This is a game I made in 3 days as part of TOJam 2012: the Sevening (i.e. the Toronto game coding jam). I had always wanted to participate in a game jam, but somehow I never got involved in them before. Ludum Dare never really appealed to me (I generally don't sign up for mailing lists and stuff, so I could never figure out when the comps were being held. Plus working by myself on a game is already how I make games, so I didn't really feel that it would be a new experience for me). And although there were several such jams is Europe, I was living in a small city that didn't have any such jams itself, and I'm not really part of the gaming "scene" so I never knew when the other cities were having jams until I read about them later on. So to be in Toronto at the right time and to happen to be reading through web pages promoting the jam at that time was a happy coincidence.

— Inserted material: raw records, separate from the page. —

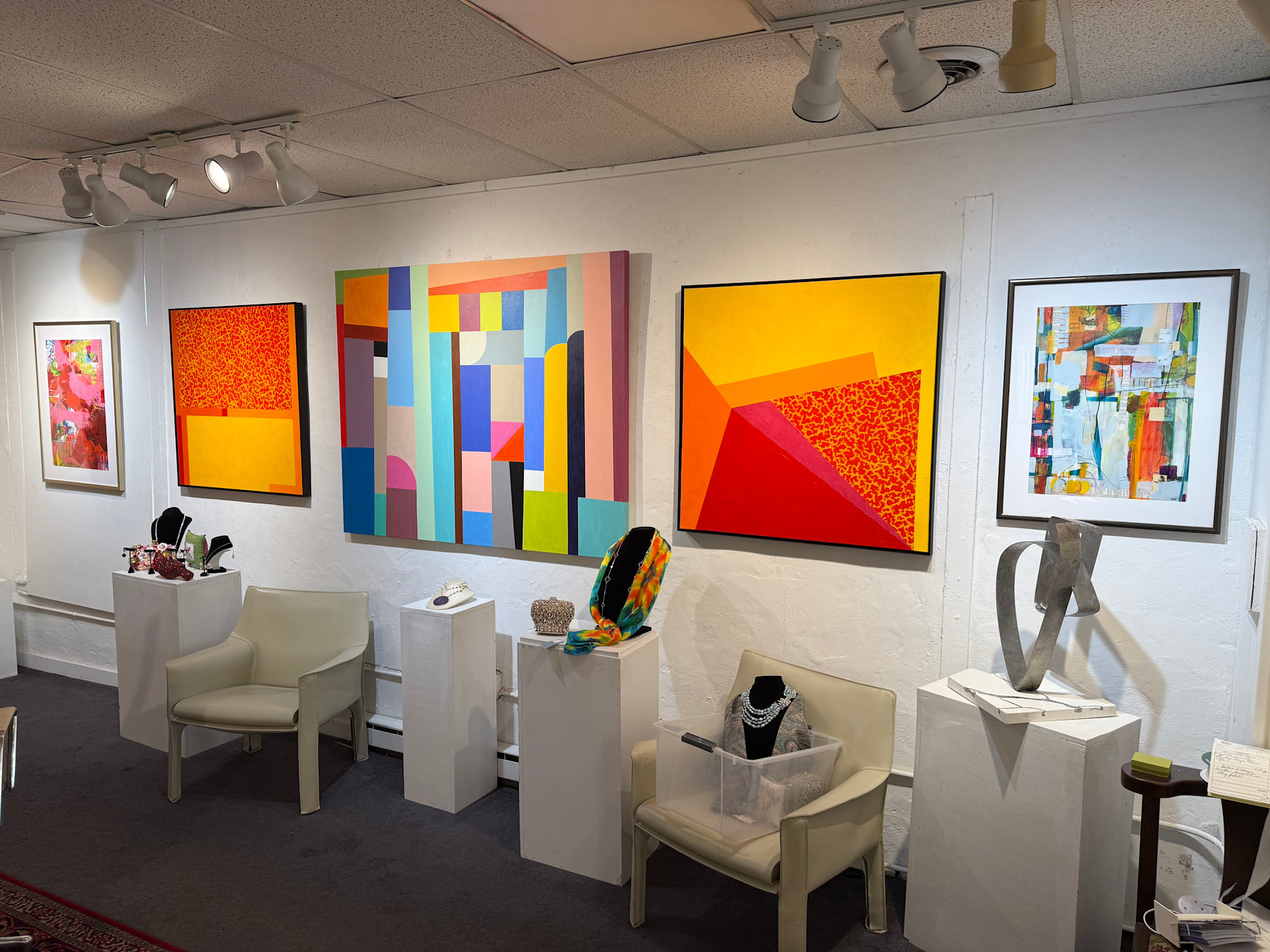 Fireside 1 channels the flickering, unpredictable nature of flame through sharp angular forms. The composition pulses with movement, while a palette of warm tones conveys both the fire’s vitality and its potential for transformation. In contrast, Fireside 2 emphasizes containment and calm. Its structured lines evoke the hearth itself - the architecture that holds and shapes the fire - offering a sense of grounded stability.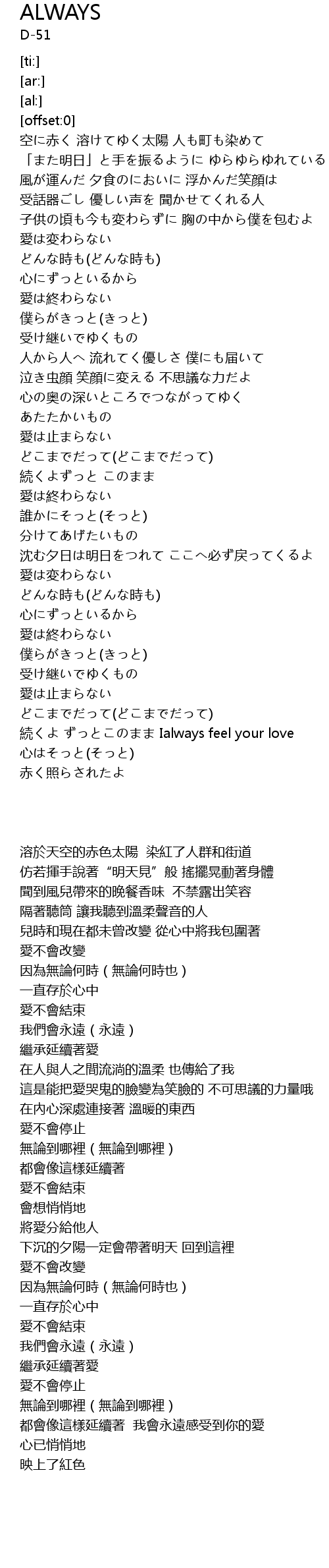 | [04:54.22] | 続くよ ずっとこのまま Ialways feel your love |
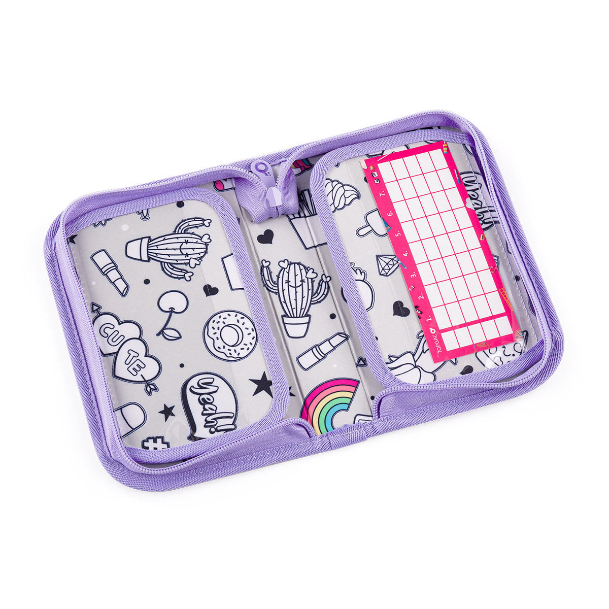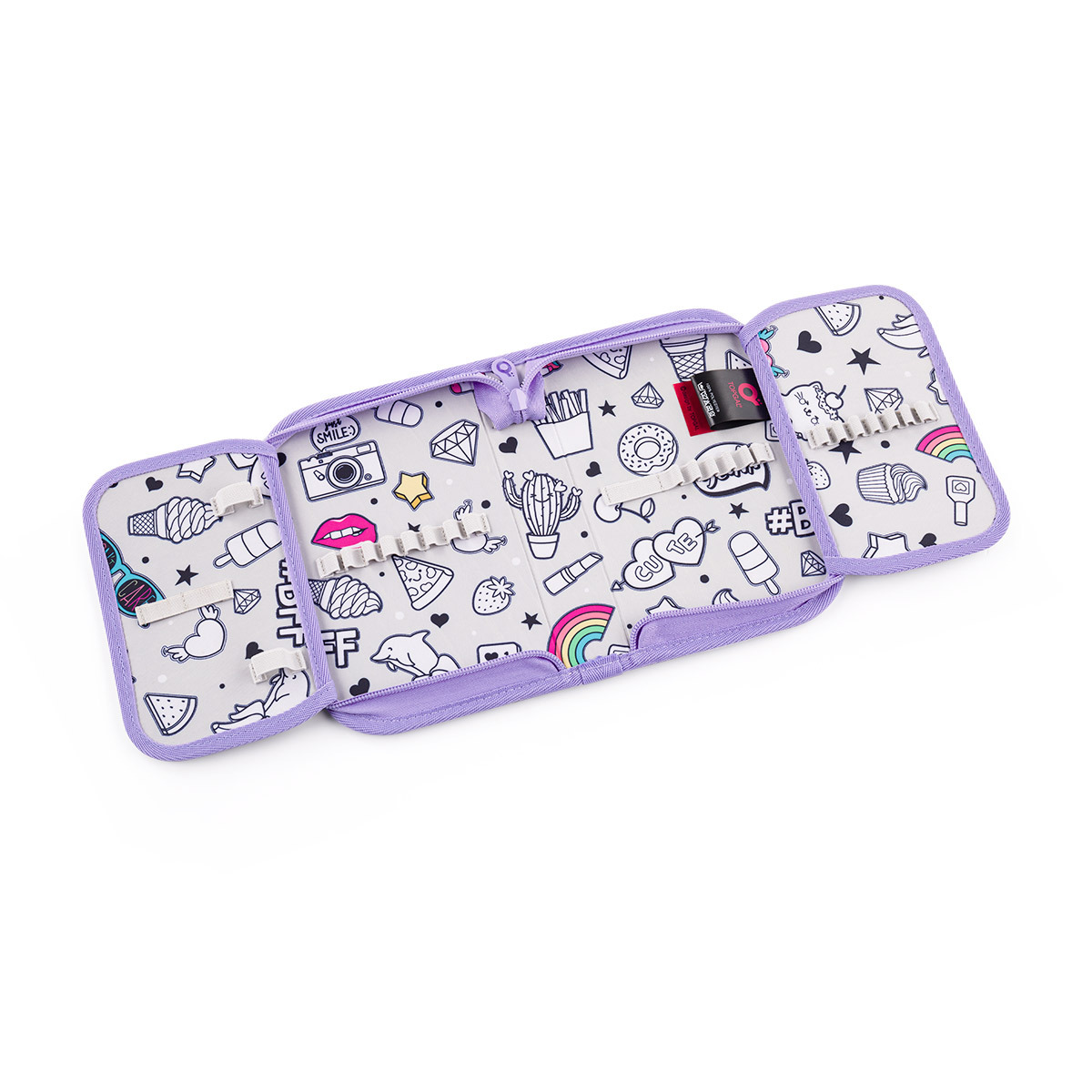 Jednokomorový školský peračník s dvoma chlopňami je vybavený 21 klasickými gumovými úchytmi na pastelky a fixky, troma širšími úchytmi na pravítka, kružidlo či nožnice, a dvoma väčšími úchytmi na gumu a strúhadlo. Pod chlopňou z priehľadnej fólie nájdete rozvrh hodín ale poslúži napríklad aj na ťaháky -)

Overall, it was an interesting experience. I tried to partner up with other people for the jam, but I don't really know too many people in the Toronto area any more, and I'm always a little awkward at meet-ups. (Plus, my overwhelming ambivalence and lack of enthusiasm for anything doesn't really go over well with people who don't know me.) So, in the end, I ended up entering the jam solo instead of as part of a team. Fortunately, the Toronto Game jam have artist and sound people who participate in the jam but not as part of any particular team. And I was able to find two great artists John Bilokrely and Derian McCrea who were able to help me make some awesome background art for the game (the crummy character art is all me, so don't blame them for that stuff looking bad). I think that entering the jam solo may have meant that I didn't really experience the jam to its fullest. Given my extensive programming contest experience, I just went into full "contest" mode with a laser-like focus on the end goal while carefully pacing my coding and my resting. So while I did finish the game that I had planned to make for the jam, I ended up missing the crazy late nights and socializing that are supposed to be part of the game jam experience. As a bonus though, I did win a Playstation Vita in a raffle, which is always good.

Concept

So over the years, I've looked over various Ludum Dare entries, and it seemed like the most successful ones were smaller games that focused on a single mechanic or scenario but that have personality (I think something like the Love Letter is a good example of this). So that was my aim for the game jam (real live game jams like TOJam actually tends to have bigger teams with more artists than the LD and are designed to be played in person instead of over the Internet, so the best games for a real game jam tend to be more experimental with better graphics--more like Indiecade type games than the retro-inspired games that come out of LD). I played around with different concepts before deciding to go with a side-scrolling adventure game based on the Little Mermaid. In the end, the scenario was still too big for an ideal game jam game, but I was able to get it done in time.

I had originally thought of the idea two years ago when I was thinking of entering a game into the IFComp based on my little IF game engine. I was thinking about IF conversation systems, and I thought it would be amusing if the protagonist was so shy that whenever he spoke with other people, he never had any conversation options. There would be all sorts of important conversations that the player could enter into, but the player would always be frustrated because they could never interact in the conversations in any way--thereby simulating the frustration of being a shy person. The protagonist might think of saying different things, but they could never actually say anything. From there I realized that the situation was similar to the situation from the Little Mermaid, who gave up her voice to be able to walk on land.

About the Game

The game is an html4/DHTML game that retells the Little Mermaid story from a modern perspective. It's about some schlub who falls for a woman and tries to cross over to her world but is too shy to make it work (it is based on the original Hans Christian Andersen fairy tale obviously. If it were based on the Disney version, he would get the girl). I guess you could argue that the game parodies the Little Mermaid story, but I tried to play it straight. There might be some satire potential in portraying the Little Mermaid through the perspective of shyness and the modern dating game, I tried my best to authentically capture the mood and emotions of the scenario.

Design Notes

This game allowed me to experiment with a few new things. It was

To be honest, I have no idea if the game actually works. I'm familiar with the story that I'm trying to tell, so it obviously makes sense to me. I'm not sure if someone who doesn't know the story could actually understand the plot and what's going on. Were the attempts at emotion successful? I really don't know. I guess I should find someone to playtest the game to find out.